═════ Extracted data ═════

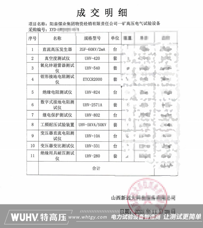 武汉特高压成功中标阳泉煤业高压电气试验设备项目
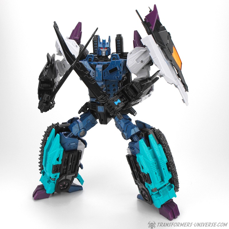 Robotermodus: Carnifex ist ein wahrer Riese, deutlich über Leader-Klasse Größe, beinahe so groß (wenn auch nicht ganz) wie sein G1 Vorgänger. Natürlich ist er deutlich beweglicher und hat so ziemlich jedes denkbare Gelenk, bis hin zu einzeln beweglichen Fingern (was ein sehr schönes böses-Finger-Verschränken ermöglicht). Seine Füße sind groß genug um ihm einen stabilen Stand zu geben. Das einzig leicht instabile ist die Flugdrohne an seiner Schulter, wo man bei Armbewegungen etwas vorsichtig sein muss, damit sie nicht abgeht.
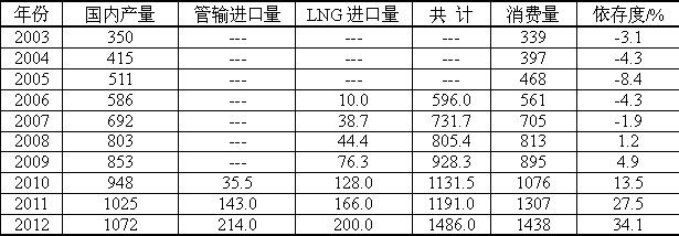 中國天然氣進(jìn)口逐年增加,對外依存度也隨之增加,到2012年中國天然氣對外依存度增加到34%,比中國石油對外依存度增加得快。
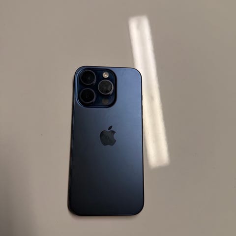 Selger en iPhone 15 128GB i svart farge.
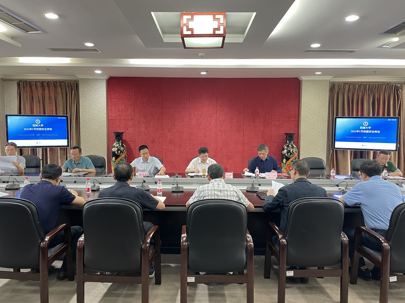 5月24日下午,学校5月校园安全工作例会在行署楼第五会议室召开。党委书记李旭锋、党委副书记潘洵、副校长韩旭东出席会议,相关职能部门负责人参加会议。李旭锋主持会议。

═════

Problem to solve.
The required result is an exact copy of the lines from the line containing "中國天然氣進(jìn)口逐年" through the end of the entries, with every picture left out.

Solution to this problem.
 中國天然氣進(jìn)口逐年增加,對外依存度也隨之增加,到2012年中國天然氣對外依存度增加到34%,比中國石油對外依存度增加得快。
 Selger en iPhone 15 128GB i svart farge.
 5月24日下午,学校5月校园安全工作例会在行署楼第五会议室召开。党委书记李旭锋、党委副书记潘洵、副校长韩旭东出席会议,相关职能部门负责人参加会议。李旭锋主持会议。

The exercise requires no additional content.